If you haven’t seen the video of Billy Hamilton’s heist from Tuesday, please indulge before we continue:
The only thing missing is Carlos Beltran’s reaction. While you don’t need statistics to know just how amazing that catch was, they certainly don’t hurt. Per Statcast, Hamilton’s route efficiency was 97.2%, he topped out at 22.0 MPH and he covered 123.0 feet. Then, Hamilton did it again, this time to Mitch Moreland. While it wasn’t quite as impressive, that’s not saying much, considering the Beltran defrauding was most likely the catch of the year.
To be honest, I was already planning on writing an article about Hamilton before this, ever since I wrote about the Rockies’ rotation and was thinking about what some of the harder knock teams can enjoy right now even as they look forward to in the future. Hamilton is that piece for the Reds. Unless, of course, you are a terrible person and don’t enjoy the unique players who defy the odds and succeed at baseball where many thought they would fail, in which case feel free to move along.
You can watch Billy Hamilton’s defensive highlights all day long. It’s not just the eye test, obviously, as the stats back it up. This year, by Defensive Runs Saved and Ultimate Zone Rating, for all position players, he’s 11th by DRS by and 7th by UZR and, among center fielders, he’s in 2nd place by both defensive metrics.
He currently leads MLB with 53 stolen bases (with an 88% success rate, no less), so it might look like he’s on course to finish the season with 65. That would almost certainly be enough to take the top honors on the season, but it would only be the most bases snagged post-2010, when Juan Pierre took top honors with 68. Of course, that doesn’t take into account the fact that, of Hamilton’s 53, 31 have come in the second half in only 36 games. So, for the sake of argument/fun, if Hamilton keeps up the pace he’s had in the second half so far (which is pretty easy to figure out, since there are 36 games left), he would finish the season with 84 stolen bases, which would be the most since 1988, when Rickey Henderson had 93.

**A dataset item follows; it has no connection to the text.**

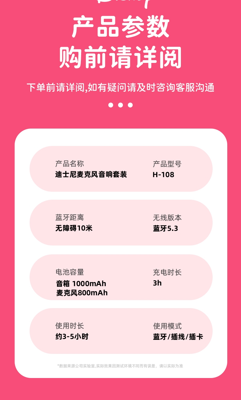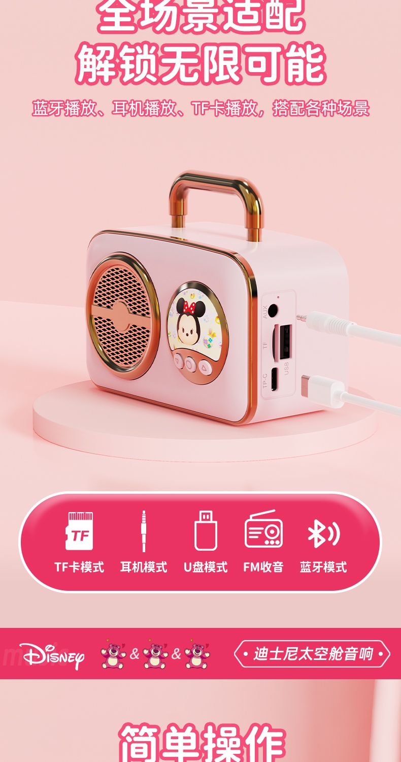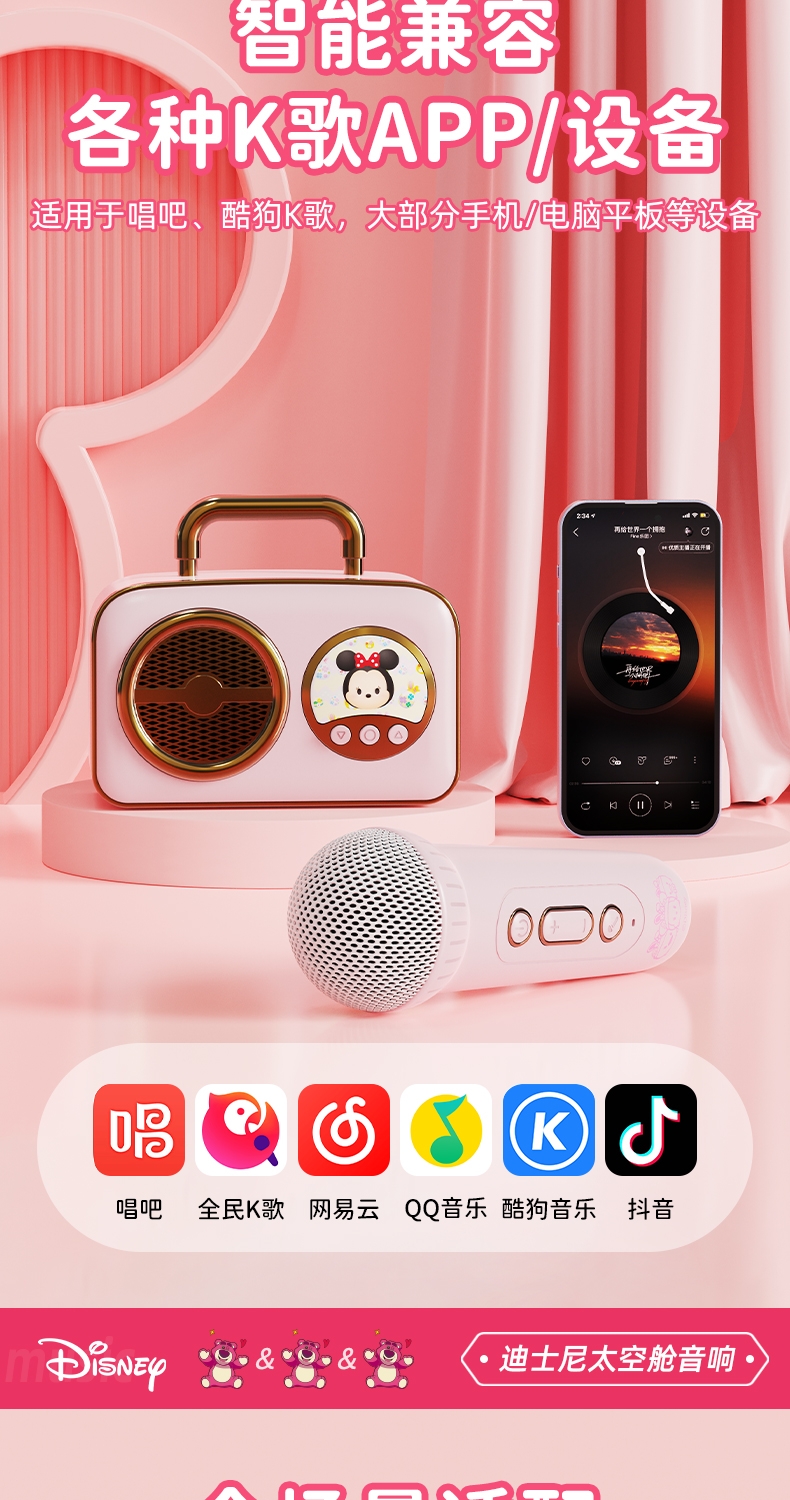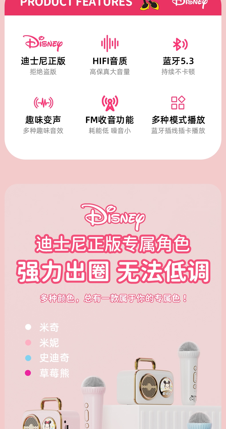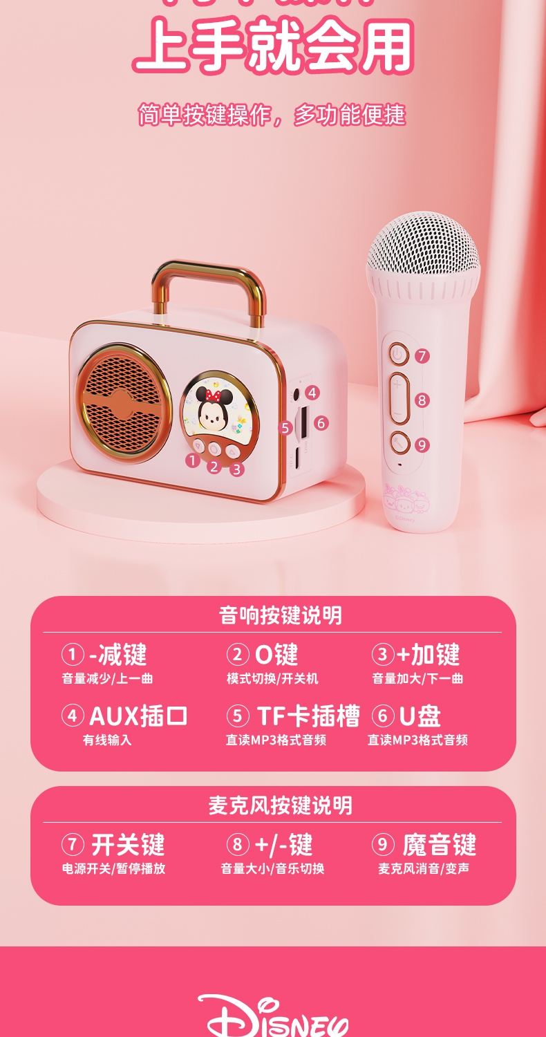 迪士尼 无线蓝牙音箱K歌宝儿童礼品音响H-018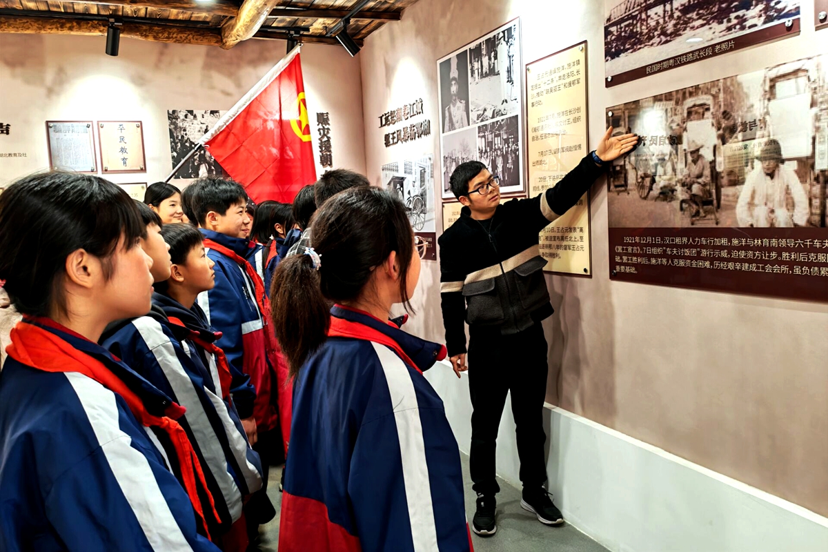 在麻家渡镇桂花树村的施洋烈士纪念馆内,青年团员们怀着崇高敬意瞻仰烈士故居,向烈士铜像敬献鲜花,以庄重的鞠躬礼表达追思之情。展馆内,那些泛黄的老照片定格着峥嵘岁月、斑驳的文物镌刻着革命印记、珍贵的史料仿佛都在默默诉说着革命先辈们英勇斗争、不屈不挠、英勇斗争的事迹。

We always knew Hamilton was fast as hell. The question was whether or not he would be able to hit enough to make his defensive and baserunning contributions worthwhile. After his his somewhat ridiculous (and ridiculously small sample sized) 13-game debut in 2013, where he had an OPS+ of 150, Hamilton had some problems at the plate. His 2014, he hit .250/.292/.355 and his OPS+ was 81, but that was still enough to earn him 2nd place in Rookie of the Year voting, because of just how well he did everything else. 2015 saw him struggle even more, where he hit .226/.274/.289 for a 55 OPS+.
This year, though, he’s come somewhat correct and is hitting .261/.321/.353. His OBP has been trending up this season as a whole, and when you look at his 15-game rolling OBP, you can see just how much better he’s been as of late. The reason for that is simple, he’s finally doing what he’s needed to do, given his absolute lack of power: hit more ground balls.
Hamilton never had power, but, with the exception of his 2013 debut, he’s hit far less ground balls than even the average hitter, that is, until this year. This year, he basically traded out 7% of his fly balls for a 3% increase in line drives and and 4% increase in ground balls. Even though he’s striking out a little bit more, the tradeoff is still paying dividends for Hamilton. It doesn’t matter if Hamilton’s ISO is .090 ISO, the 7th worst mark in MLB, the more ground balls Hamilton hits, the more we get to enjoy this:
If he continues producing at the rate he has thus far on the season, he’ll certainly have an over 3.0 season by both fWAR and bWAR, making not only an extremely exciting player to watch, but also a very productive one. If he’s able to keep hitting the ball on the ground and maintain his OBP as of late, he could be even better. The Reds have had a rougher go of a rebuild than some of the other teams currently in the baseball basement, thanks to some poor decisions and luck on trade timing. Reds fans may not have a lot of reasons to be watching right this minute, but they have a player who could potentially break a record that’s older than the first Internet virus, and that’s worth tuning in for.